Learn R Programming

⚠️There's a newer version (1.3.2) of this package.Take me there.

SDMtune

SDMtune provides a user-friendly framework that enables the training and the evaluation of species distribution models (SDMs). The package implements functions for data driven variable selection and model tuning and includes numerous utilities to display the results. All the functions used to select variables or to tune model hyperparameters have an interactive real-time chart displayed in the RStudio viewer pane during their execution. Visit the package website and learn how to use SDMtune starting from the first article Prepare data for the analysis.

Installation

You can install the latest release version from CRAN:

install.packages("SDMtune")

Or the development version from GitHub:

devtools::install_github("ConsBiol-unibern/SDMtune")

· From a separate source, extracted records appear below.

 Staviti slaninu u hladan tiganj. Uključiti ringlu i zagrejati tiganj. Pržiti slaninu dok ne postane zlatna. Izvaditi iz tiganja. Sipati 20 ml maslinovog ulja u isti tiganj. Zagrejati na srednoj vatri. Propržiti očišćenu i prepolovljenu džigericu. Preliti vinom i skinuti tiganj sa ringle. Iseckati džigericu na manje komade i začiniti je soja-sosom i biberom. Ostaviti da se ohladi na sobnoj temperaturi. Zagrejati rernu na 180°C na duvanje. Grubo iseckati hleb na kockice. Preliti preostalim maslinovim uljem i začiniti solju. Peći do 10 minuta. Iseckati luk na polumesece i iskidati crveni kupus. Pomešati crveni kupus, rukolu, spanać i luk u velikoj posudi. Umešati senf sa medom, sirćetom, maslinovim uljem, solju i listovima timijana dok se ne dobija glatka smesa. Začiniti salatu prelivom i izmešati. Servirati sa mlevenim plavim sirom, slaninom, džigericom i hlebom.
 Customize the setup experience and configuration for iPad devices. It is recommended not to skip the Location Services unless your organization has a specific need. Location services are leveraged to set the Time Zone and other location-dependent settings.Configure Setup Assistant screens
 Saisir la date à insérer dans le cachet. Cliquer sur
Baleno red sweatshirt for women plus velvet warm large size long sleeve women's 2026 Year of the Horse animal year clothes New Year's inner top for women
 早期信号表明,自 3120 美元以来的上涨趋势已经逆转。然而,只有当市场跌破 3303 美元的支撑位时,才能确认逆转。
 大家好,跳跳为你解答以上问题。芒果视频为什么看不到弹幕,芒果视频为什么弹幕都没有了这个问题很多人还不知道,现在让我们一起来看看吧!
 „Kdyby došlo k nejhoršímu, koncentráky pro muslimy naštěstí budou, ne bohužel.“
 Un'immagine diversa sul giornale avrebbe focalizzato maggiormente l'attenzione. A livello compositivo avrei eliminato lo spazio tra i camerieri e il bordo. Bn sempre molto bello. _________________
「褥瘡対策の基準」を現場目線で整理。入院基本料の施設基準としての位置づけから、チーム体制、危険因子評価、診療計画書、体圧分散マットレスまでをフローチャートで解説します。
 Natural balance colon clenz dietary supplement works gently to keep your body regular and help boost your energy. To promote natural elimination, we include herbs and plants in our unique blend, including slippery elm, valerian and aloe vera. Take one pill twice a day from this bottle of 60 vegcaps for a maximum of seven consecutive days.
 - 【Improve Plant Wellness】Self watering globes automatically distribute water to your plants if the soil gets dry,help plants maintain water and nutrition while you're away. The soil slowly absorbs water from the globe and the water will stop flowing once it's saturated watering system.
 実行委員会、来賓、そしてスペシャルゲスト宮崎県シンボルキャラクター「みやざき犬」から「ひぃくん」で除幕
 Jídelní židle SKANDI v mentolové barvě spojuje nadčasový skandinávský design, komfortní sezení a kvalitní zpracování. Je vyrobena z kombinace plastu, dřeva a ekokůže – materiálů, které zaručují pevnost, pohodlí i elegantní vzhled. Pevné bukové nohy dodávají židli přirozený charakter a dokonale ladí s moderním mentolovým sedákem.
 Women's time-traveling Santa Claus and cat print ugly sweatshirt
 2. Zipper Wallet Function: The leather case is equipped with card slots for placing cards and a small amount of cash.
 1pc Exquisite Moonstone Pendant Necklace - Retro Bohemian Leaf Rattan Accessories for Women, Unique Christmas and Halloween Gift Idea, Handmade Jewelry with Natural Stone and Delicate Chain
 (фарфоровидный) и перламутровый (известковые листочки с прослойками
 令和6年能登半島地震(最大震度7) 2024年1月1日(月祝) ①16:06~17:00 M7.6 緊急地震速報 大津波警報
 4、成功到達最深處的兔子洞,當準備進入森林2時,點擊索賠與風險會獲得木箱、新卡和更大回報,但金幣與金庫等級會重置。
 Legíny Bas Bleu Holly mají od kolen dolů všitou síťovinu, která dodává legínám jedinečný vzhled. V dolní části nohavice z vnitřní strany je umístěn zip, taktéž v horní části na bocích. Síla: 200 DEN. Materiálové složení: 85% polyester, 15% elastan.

Hyperparameters tuning & real-time charts

SDMtune implements three functions for hyperparameters tuning:

  • gridSearch: runs all the possible combinations of predefined hyperparameters’ values;
  • randomSearch: randomly selects a fraction of the possible combinations of predefined hyperparameters’ values;
  • optimizeModel: uses a genetic algorithm that aims to optimize the given evaluation metric by combining the predefined hyperparameters’ values.

When the amount of hyperparameters’ combinations is high, the computation time necessary to train all the defined models could be very long. The function optimizeModel offers a valid alternative that reduces computation time thanks to an implemented genetic algorithm. This function seeks the best combination of hyperparameters reaching a near optimal or optimal solution in a reduced amount of time compared to gridSearch. The following code shows an example using a simulated dataset. First a model is trained using the Maxnet algorithm implemented in the maxnet package with default hyperparameters’ values. After the model is trained, both the gridSearch and optimizeModel functions are executed to compare the execution time and model performance evaluated with the AUC metric. If the following code is not clear, please check the articles in the website.

library(SDMtune)

# Acquire environmental variables
files <- list.files(path = file.path(system.file(package = "dismo"), "ex"),
                    pattern = "grd", full.names = TRUE)
predictors <- raster::stack(files)

# Prepare presence and background locations
p_coords <- virtualSp$presence
bg_coords <- virtualSp$background

# Create SWD object
data <- prepareSWD(species = "Virtual species", p = p_coords, a = bg_coords,
                   env = predictors, categorical = "biome")

# Split presence locations in training (80%) and testing (20%) datasets
datasets <- trainValTest(data, test = 0.2, only_presence = TRUE, seed = 25)
train <- datasets[[1]]
test <- datasets[[2]]

# Train a Maxnet model
model <- train(method = "Maxnet", data = train)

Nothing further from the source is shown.